### PROBLEM TO WORK ON:
Transcribe all of the data exactly. Images stay out.

### DATASET EXCERPT:
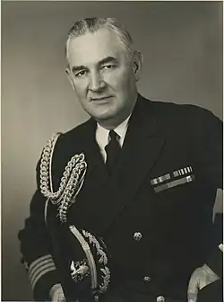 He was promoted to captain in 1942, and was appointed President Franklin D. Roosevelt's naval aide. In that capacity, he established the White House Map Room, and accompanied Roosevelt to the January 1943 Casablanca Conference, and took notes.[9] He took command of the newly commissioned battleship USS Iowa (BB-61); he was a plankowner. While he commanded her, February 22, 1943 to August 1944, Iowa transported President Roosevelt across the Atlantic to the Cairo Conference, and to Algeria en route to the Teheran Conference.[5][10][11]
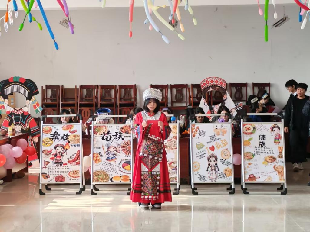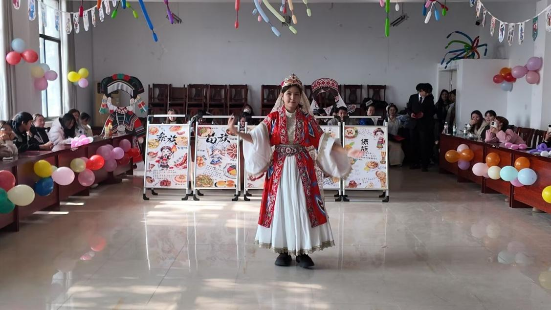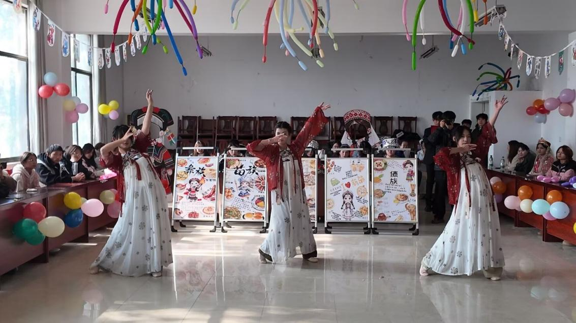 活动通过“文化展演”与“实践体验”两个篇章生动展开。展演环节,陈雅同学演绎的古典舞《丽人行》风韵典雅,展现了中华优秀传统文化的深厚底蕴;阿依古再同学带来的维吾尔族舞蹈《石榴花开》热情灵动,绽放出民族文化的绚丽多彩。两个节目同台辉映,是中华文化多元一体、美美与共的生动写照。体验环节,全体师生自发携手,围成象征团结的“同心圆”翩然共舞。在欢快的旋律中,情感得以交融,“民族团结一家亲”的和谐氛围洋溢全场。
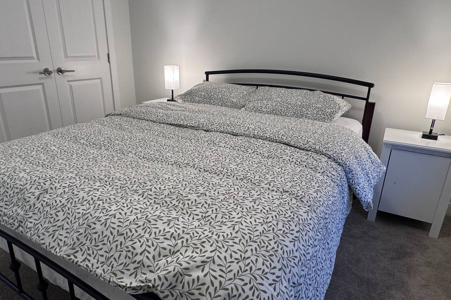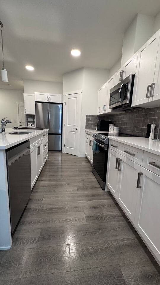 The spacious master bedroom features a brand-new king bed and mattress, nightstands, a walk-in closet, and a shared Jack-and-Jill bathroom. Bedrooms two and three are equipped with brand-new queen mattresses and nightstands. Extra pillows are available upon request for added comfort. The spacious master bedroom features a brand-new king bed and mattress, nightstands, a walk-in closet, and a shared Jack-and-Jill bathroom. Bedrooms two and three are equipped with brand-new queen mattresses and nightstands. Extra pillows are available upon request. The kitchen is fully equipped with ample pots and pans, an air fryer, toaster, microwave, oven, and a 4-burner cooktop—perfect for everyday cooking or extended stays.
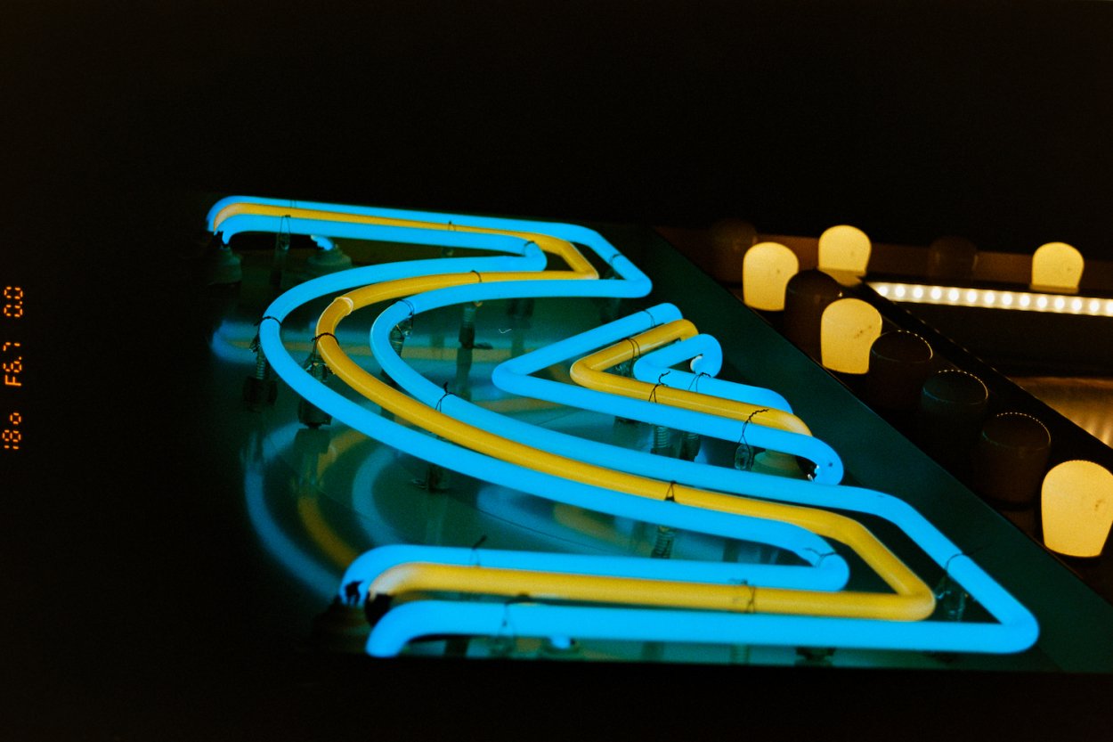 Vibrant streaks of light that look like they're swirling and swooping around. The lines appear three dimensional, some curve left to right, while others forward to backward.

### RESPONSE TO THE TASK:
 He was promoted to captain in 1942, and was appointed President Franklin D. Roosevelt's naval aide. In that capacity, he established the White House Map Room, and accompanied Roosevelt to the January 1943 Casablanca Conference, and took notes.[9] He took command of the newly commissioned battleship USS Iowa (BB-61); he was a plankowner. While he commanded her, February 22, 1943 to August 1944, Iowa transported President Roosevelt across the Atlantic to the Cairo Conference, and to Algeria en route to the Teheran Conference.[5][10][11]
 活动通过“文化展演”与“实践体验”两个篇章生动展开。展演环节,陈雅同学演绎的古典舞《丽人行》风韵典雅,展现了中华优秀传统文化的深厚底蕴;阿依古再同学带来的维吾尔族舞蹈《石榴花开》热情灵动,绽放出民族文化的绚丽多彩。两个节目同台辉映,是中华文化多元一体、美美与共的生动写照。体验环节,全体师生自发携手,围成象征团结的“同心圆”翩然共舞。在欢快的旋律中,情感得以交融,“民族团结一家亲”的和谐氛围洋溢全场。
 The spacious master bedroom features a brand-new king bed and mattress, nightstands, a walk-in closet, and a shared Jack-and-Jill bathroom. Bedrooms two and three are equipped with brand-new queen mattresses and nightstands. Extra pillows are available upon request for added comfort. The spacious master bedroom features a brand-new king bed and mattress, nightstands, a walk-in closet, and a shared Jack-and-Jill bathroom. Bedrooms two and three are equipped with brand-new queen mattresses and nightstands. Extra pillows are available upon request. The kitchen is fully equipped with ample pots and pans, an air fryer, toaster, microwave, oven, and a 4-burner cooktop—perfect for everyday cooking or extended stays.
 Vibrant streaks of light that look like they're swirling and swooping around. The lines appear three dimensional, some curve left to right, while others forward to backward.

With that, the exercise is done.